Reasons To Be Cheerful #5
(If you’re wondering what this is all about, click here.)
Clare Short MP
As I’ve said here before, one of the many things I loved about living in Nottingham was knowing that my local MP Alan Simpson was very much one of the good guys – vocal in the House of Commons, prompt and informative in his responses to correspondence and enquiries, a firm believer in the principles of social justice and a keen supporter of unfashionable left-wing causes.
For Alan Simpson in Nottingham, read Clare Short in Birmingham.
The appearance of the Labour MP for Ladywood at Aston University last week encapsulated all that is admirable about her – her visible passion for what she believes in, her opposition to narrow-minded and short-term thinking in politics and perhaps most of all her refreshing honesty. She branded Prime Minister’s Question Time "contemptible" and "a stupid circus", and referred to the invasion of Iraq as a "spectacularly awful" decision.
It’s this obstinate refusal to pussyfoot around and pull punches that endears her to those sick of spin and glib sloganeering. Unlike many of her colleagues in Parliament, she readily accepts that much of the blame for the currently widespread epidemic of public apathy with politics lies squarely at their door.
In the course of Thursday’s talk she discussed her former role as Secretary of State for International Development, the way in which her department was created and then kept in a state of near powerlessness, and the sheer enormity of the challenges that face the world, for which a truly global strategy is needed. Blair’s deception over Iraq, the dangerous unpredictability of the current American administration and the role of the UN were all on her agenda.
Perhaps most compellingly, she took the opportunity of reminding us on Holocaust Memorial Day that genocide has not been consigned to the past; on the contrary, it is very much a spectre that still haunts the present. Even after the horrors of Auschwitz and the other Nazi concentration camps, valuable lessons still remain to be learned.

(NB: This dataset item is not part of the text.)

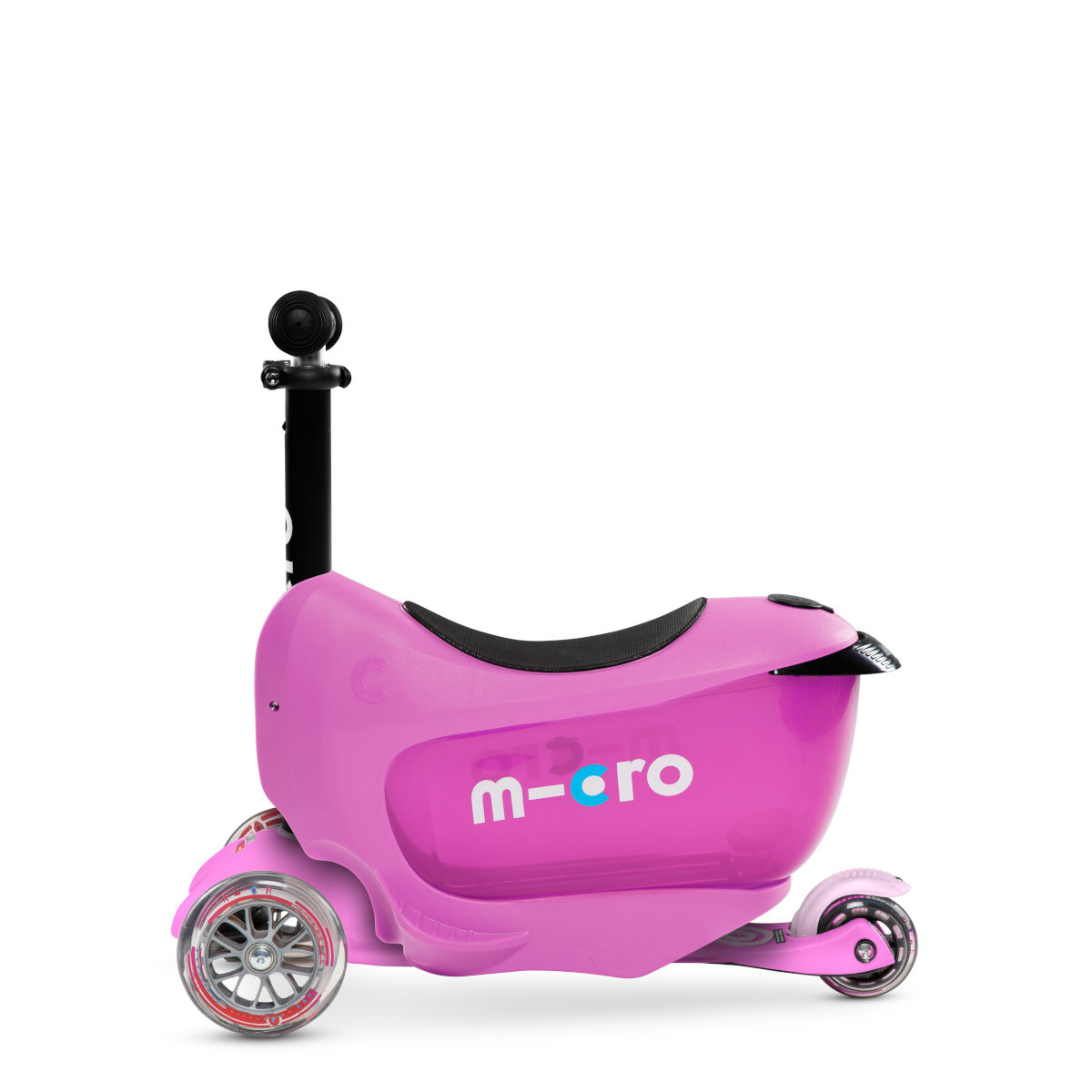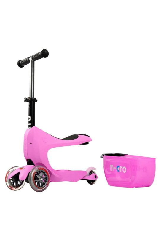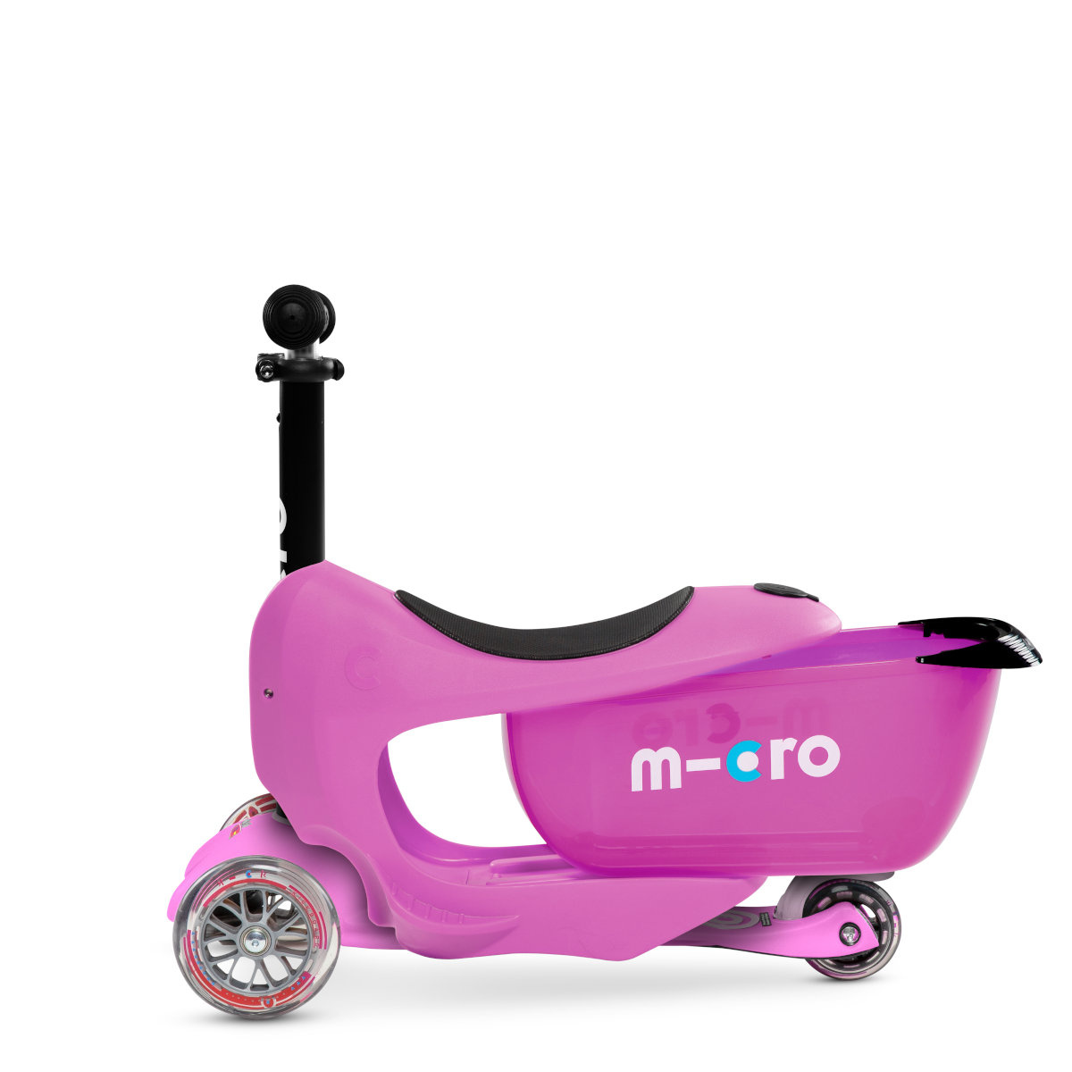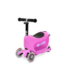 Mini2go Deluxe v růžové barvě je inovativní dětské odrážedlo s úložným prostorem a koloběžka v jednom. Tuto trojkolku využijí děti od 1,5 roku jako klasické odrážedlo a v pozdějším věku jako trojkolku nebo lépe řečeno koloběžku.

She may have incurred the wrath of some constituents for the delay in offering her resignation over the Iraq affair, but she openly and vehemently criticises Blair’s leadership and decision-making – she agreed with one questioner that our dear leader and his buddy Bush should be tried for war crimes – and very often refuses to endorse the official party line. Why, she was asked, does she (like Alan Simpson) still remain a member of the New Labour machine? Because, she said, she believes in the history of the party, and hopes that she can be one of those who helps return it to the rightful path from which it has strayed under Blair.
A futile hope? Perhaps. But we desperately need politicians who’ll stand up and speak out in plain terms for what they believe in, and who are prepared to put principles before their own self-serving ends.